Agenda Texas: Busted Budget Negotiations

A state senate committee approved a smaller cut in education spending in the new state budget.
Photo by Ryland Barton for KUT News.
A state senate committee approved a smaller cut in education spending in the new state budget.

Today was supposed to be the day. In the morning, House and Senate budget negotiators announced there would be a meeting at 2 pm, which many interpreted as the meeting that would unveil the budget agreement.

Yeah, that didn't happen.

At 2:15, the meeting was delayed until 3. At about 3:30, the meeting was delayed until 5.

To call it a train wreck would be overly dramatic. Messy? Absolutely. AmanBatheja covers the state budget for the Texas Tribune. He says what’s been holding up a budget agreement shouldn’t surprise anyone.

"They're the three issues that have been sticking points since before the session started," Batheja said. "Everyone knew water, transportation and school funding were going to be the big issues of the session."

As of lunch-time Thursday, Republicans and Democrats were about $700 million apart of education funding.

On water, just about everyone agreed on spending $2 billion. But Tea Party Republicans didn't want that money to come out of the state's rainy day fund.

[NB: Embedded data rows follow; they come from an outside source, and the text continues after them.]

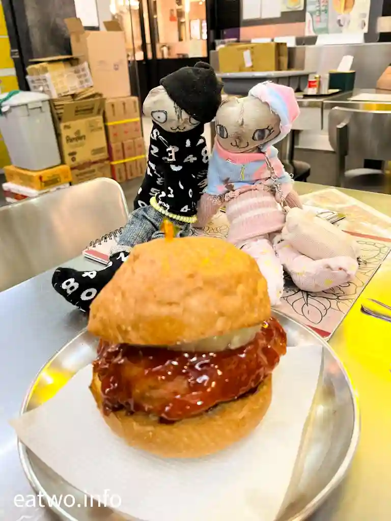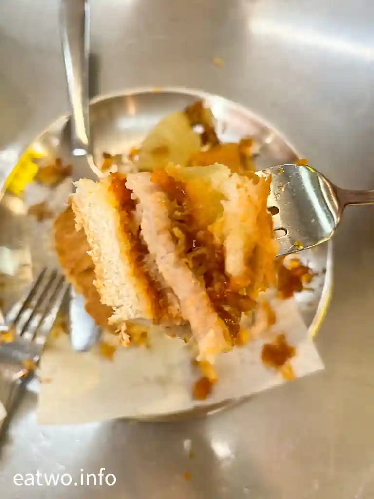飲品除咗咖啡或茶,亦可以加$9至$12配搭紅豆冰或紅豆奶茶,檸檬同紅茶基底都係唔差,奶茶都算濃同順口,紅豆量都幾多,紅豆好軟腍同香甜。小食有炸雞髀、西多士,沙嗲牛肉包、豬扒包等﹐E.A.Two覺得最特別係咕嚕拔絲豬扒包$39。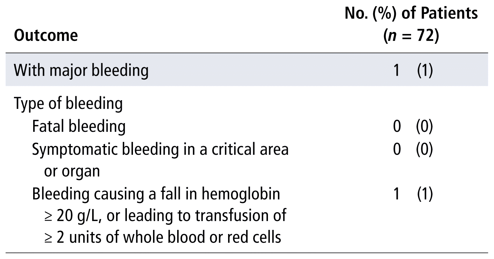 We found a low occurrence of both major bleeding and thrombotic events among patients hospitalized with severe COVID-19 who, upon admission, had a low risk of bleeding and were subsequently treated with therapeutic anticoagulation. A previous multiplatform trial, which was to date the largest trial evaluating therapeutic anticoagulation in inpatients with COVID-19, reported a 1.9% rate of major bleeding.6 Similarly, in the HEP-COVID and RAPID trials, the rates of major bleeding among inpatients with COVID-19 who were receiving therapeutic anticoagulation and were admitted to medical wards were 2.4% and 0.9%, respectively.13,14 In the current study, just 1 (1%) of 72 patients experienced major bleeding during treatment with therapeutic anticoagulation, which aligns with the rates in these previous trials and may indicate that our patient population had a similar risk of bleeding with therapeutic anticoagulation. Furthermore, the single episode of major bleeding in our study occurred 13 days after discontinuation of therapeutic anticoagulation; as such, there is a low likelihood that this bleed was related to the course of therapeutic anticoagulation.
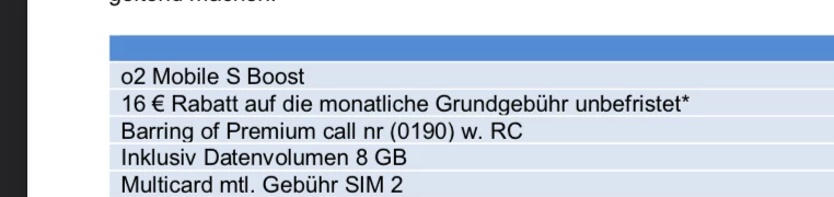 • Dasselbe zur Connect-Option gilt für deinen gewünschten Tarif “o2 Mobile S Boost” für deine Rufnummer -930 am Ende. ​​​​(…)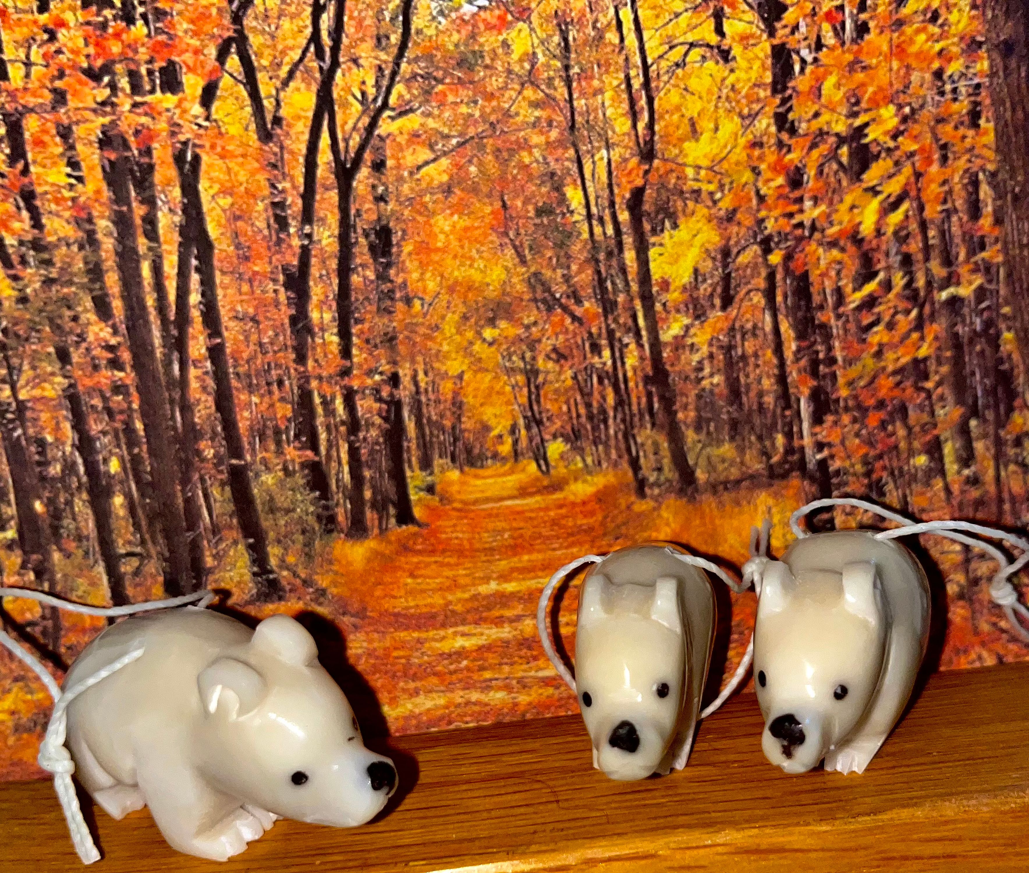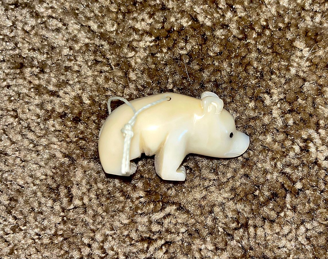 This Bear tagua ornament has been hand carved in Ecuador from tagua nuts, a renewable rain forest seed known as vegetable ivory for its likeness to real animal ivory, but with animal and habitat-friendly properties. All colors are achieved using natural techniques, such as boiling, fermentation, burning and inlay, that enhance but don't completely cover the nut's organic beauty. Similar to animal ivory, this figurine will gently antique or darken over time.

And on Transportation, TxDOT just wasn't going to get the additional $4 billion it needs to maintain roads. But it could get about $500 million to rebuild rural roads that have been over burdened by fracking.

One final budget hiccup came from a Senate rider that would allow for a negotiation of Medicaid expansion.

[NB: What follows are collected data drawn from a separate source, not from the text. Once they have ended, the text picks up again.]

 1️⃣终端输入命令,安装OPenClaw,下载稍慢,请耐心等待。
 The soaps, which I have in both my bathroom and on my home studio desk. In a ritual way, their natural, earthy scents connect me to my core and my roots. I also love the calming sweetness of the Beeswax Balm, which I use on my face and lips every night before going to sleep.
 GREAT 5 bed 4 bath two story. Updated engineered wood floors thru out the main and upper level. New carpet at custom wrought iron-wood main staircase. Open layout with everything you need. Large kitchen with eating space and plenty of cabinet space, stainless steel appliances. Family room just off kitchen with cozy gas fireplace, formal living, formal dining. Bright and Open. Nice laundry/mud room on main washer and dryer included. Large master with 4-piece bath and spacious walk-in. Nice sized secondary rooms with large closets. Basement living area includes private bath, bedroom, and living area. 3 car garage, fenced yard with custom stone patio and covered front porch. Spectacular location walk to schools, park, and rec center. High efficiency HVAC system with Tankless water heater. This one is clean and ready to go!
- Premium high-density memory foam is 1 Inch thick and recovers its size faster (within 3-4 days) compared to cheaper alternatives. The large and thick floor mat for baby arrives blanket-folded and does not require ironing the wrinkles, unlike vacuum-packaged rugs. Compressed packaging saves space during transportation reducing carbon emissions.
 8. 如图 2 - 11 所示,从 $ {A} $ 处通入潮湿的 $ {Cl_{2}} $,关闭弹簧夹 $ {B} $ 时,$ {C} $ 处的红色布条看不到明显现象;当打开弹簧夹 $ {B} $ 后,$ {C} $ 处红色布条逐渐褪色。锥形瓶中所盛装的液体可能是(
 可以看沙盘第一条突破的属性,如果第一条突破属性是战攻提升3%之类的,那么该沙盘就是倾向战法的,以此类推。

"The Medicaid rider actually did get put into the budget earlier this week. Very few people noticed it, and yesterday more people started to notice that budget negotiators had put that in," Batheja said. "House Republicans started complaining and House leadership basically said they weren't going to support it."

It may all seem hopeless, with less than two weeks left in the session. But during the time it's taken to read this story, everything we talked about could have changed. That’s just how fluid end of session budget negotiations can be.